Ретировавшийся из зала президент сочувствия не вызывает (его хитроумие всем надоело), но все-таки сердце сжимается при виде диктатора-оратора, мгновенно превратившегося в безвольного медлительного старика.
Заполнившая пространство возмущенная и ликующая масса никаких ясных лозунгов не несет, кроме одного: «Кмара!» — что означает: довольно! Долой! Надоело!
Что именно надоело, сразу понять трудно, зато видно, что молодая энергия бьет ключом (кажется, что основную массу восставших составляют чуть ли не подростки).

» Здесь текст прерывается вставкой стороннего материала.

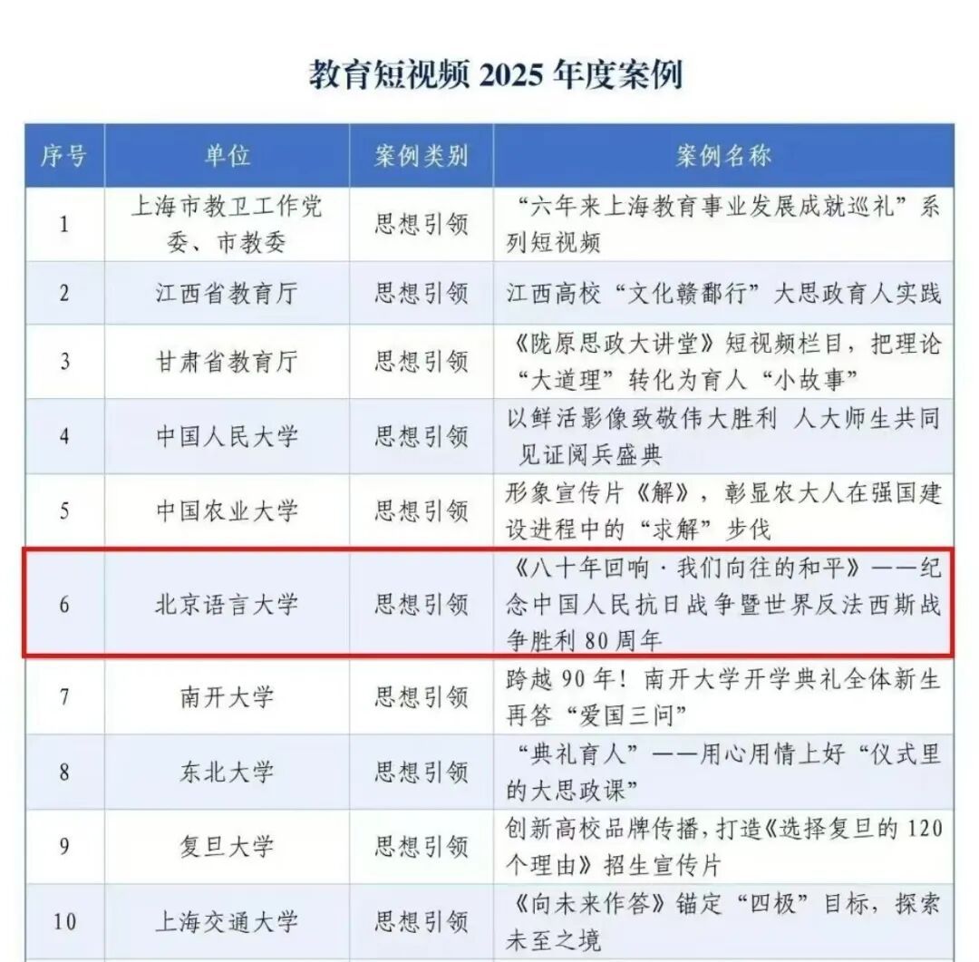 近日,我校报送的《八十年回响·我们向往的和平——纪念中国人民抗日战争暨世界反法西斯战争胜利80周年》融媒体报道成功入选教育部新闻办公室指导、教育部宣传教育中心主办的“教育短视频2025年度案例”。这一成绩的取得,是对91自拍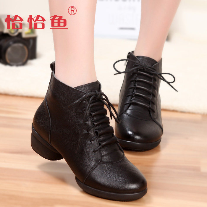 Precisely Fish Genuine Leather Dance Shoes Spring Autumn Season New Square Dance Shoes Women Soft Bottom Water Soldiers Black Dancing Shoes Women Soft Bottoms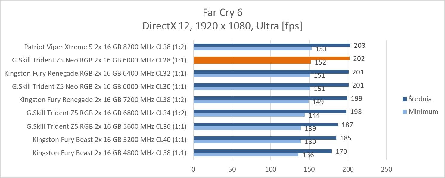 G.Skill Trident Z5 Neo RGB 2x 16 GB 6000 MHz CL28 ciężko dostać w polskich sklepach – bardziej dostępne są modele 5600 MHz CL28 oraz wersja Royal. Natomiast są to z pewnością kości warte polecenia. Oprócz naprawdę fajnej wydajności i bezproblemowego działania na platformie AM5 oferują one też dobre wykonane czy podświetlenie. Jeśli więc szukacie jednych z najlepszych kości pod procesory AMD to warto poszukać i zainwestować w testowane moduły.
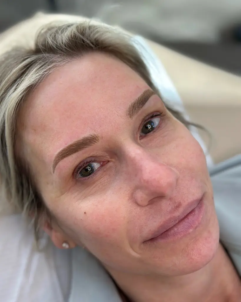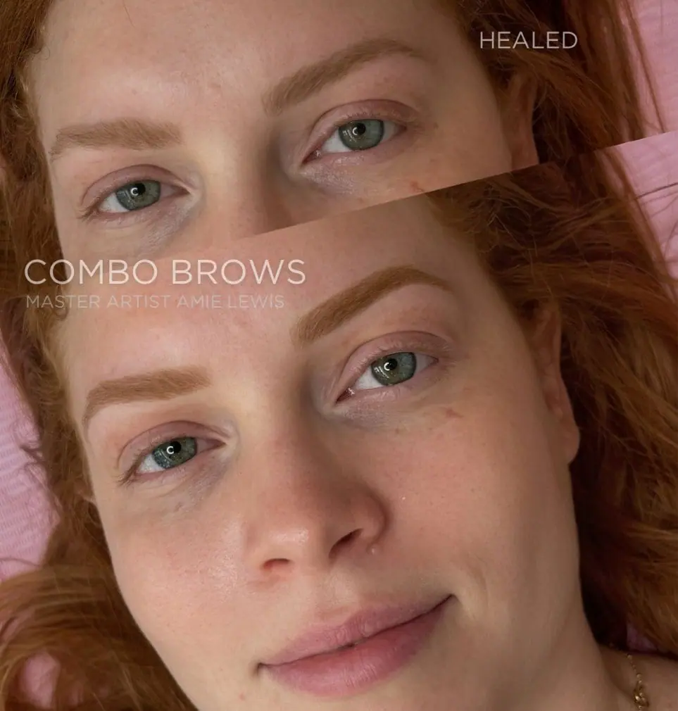 Expect light flaking around days 4–7, followed by softening of color. Brows may look darker right after treatment but fade into a more natural tone as they heal. A touch-up is needed at 6–12 weeks.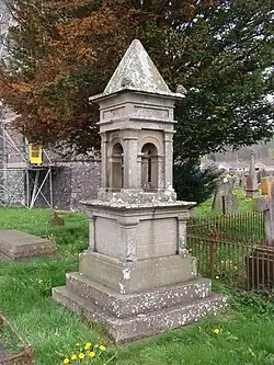 Jeho náhrobek na hřbitově u kostela sv. Dingata v Llandovery je památkově chráněn.[4]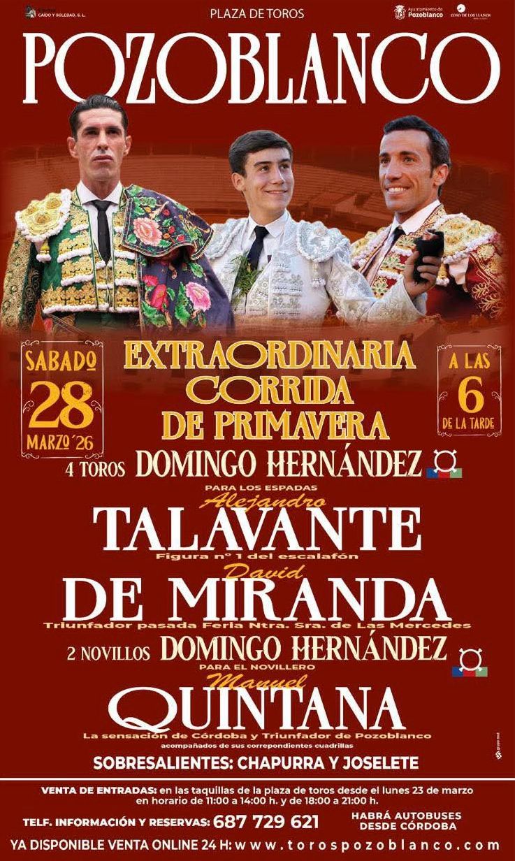 Toros de Domingo Hernández para Talavante, David de Miranda y Manuel Quintana (Novillero)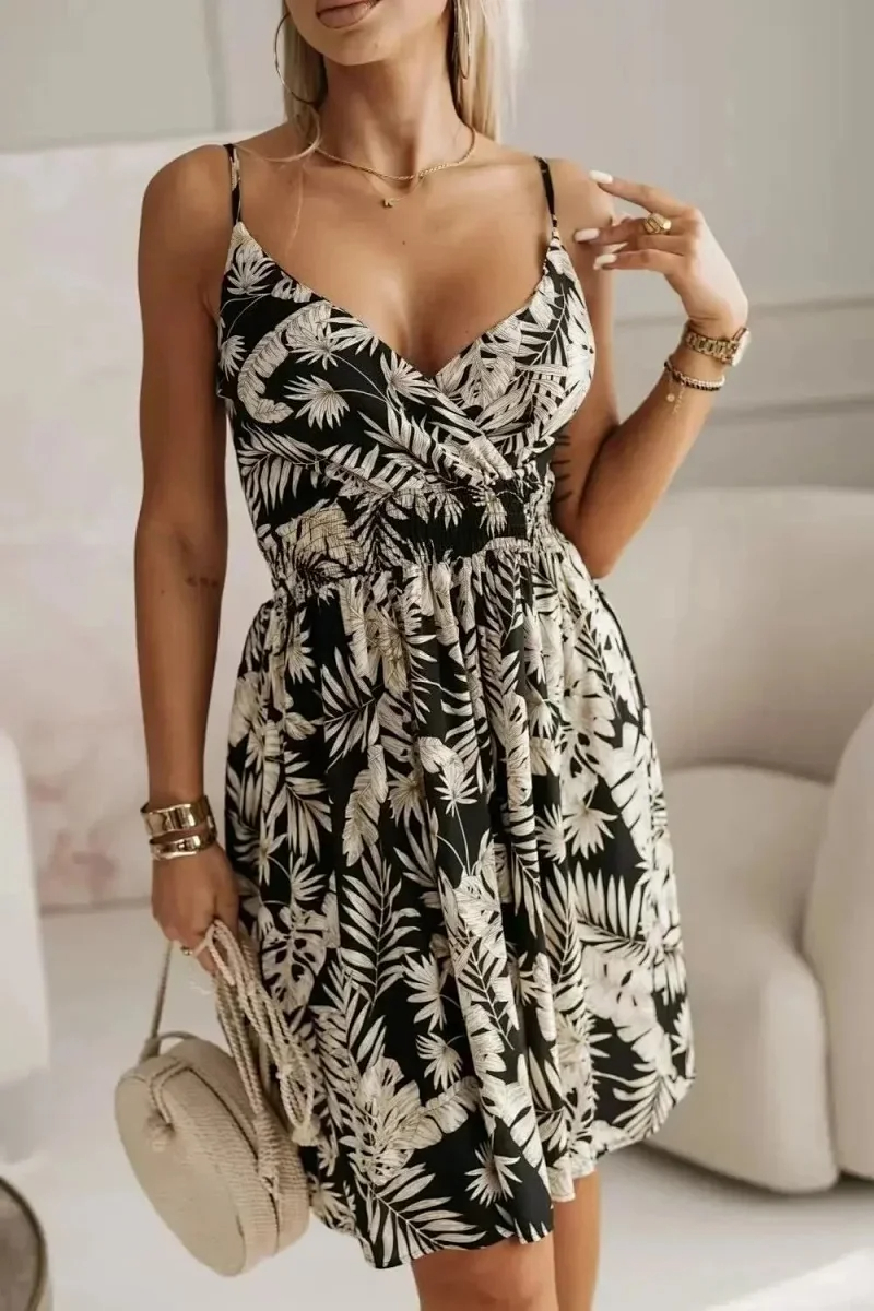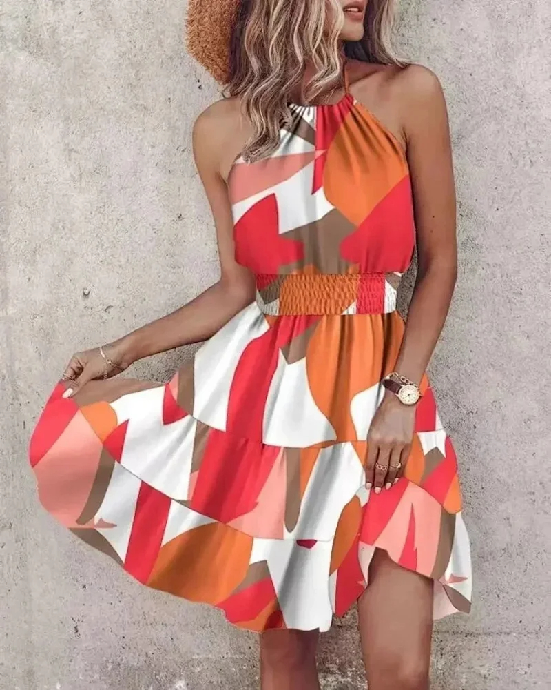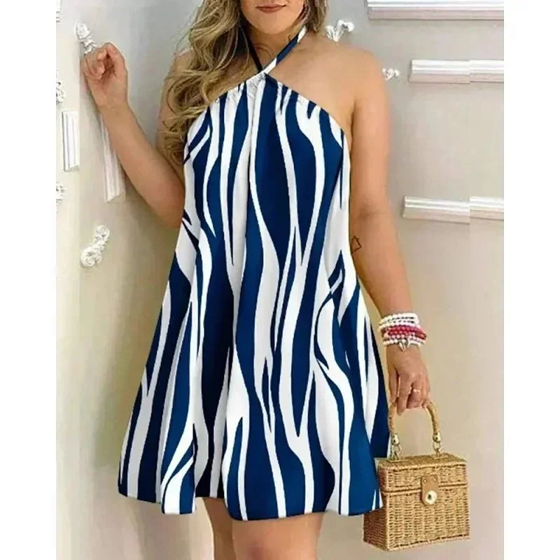 European and American summer off-the-shoulder halter neck loose women's dress-2470

На какое-то историческое мгновение взоры человечества задерживаются на Грузии: что все это значит, как это истолковать, чем это может обернуться для того же человечества, издерганного дурными предчувствиями.
Комментатор, пытающийся осмыслить эти события, вынужден преступить некую черту, которая воспрещает вмешиваться в чужие дела и судить о том, что происходит в чужой душе.
Особенно остро должен ощущать грозящую бестактность русский наблюдатель, помнящий, что за десятилетием разборок и счетов с грузинами лежало у нас полстолетия прочного содружества.
Не буду пересказывать общеизвестное: оно не поможет обрести решимость и судить о том, в какой мере произошедшее вытекает из грузинского национального характера и куда оно потечет в створах этого характера дальше.
Я и не берусь рассуждать. Но имею возможность опереться на суждения человека, который, будучи сам грузином, не постеснялся осветить эту тему жестко и остро.
В октябре 1999 года в «Дружбе народов» была опубликована работа Георгия Нижарадзе «Мы — грузины», с несколько извиняющимся подзаголовком: «Полемические заметки по поводу некоторых социально-психологических аспектов грузинской культуры».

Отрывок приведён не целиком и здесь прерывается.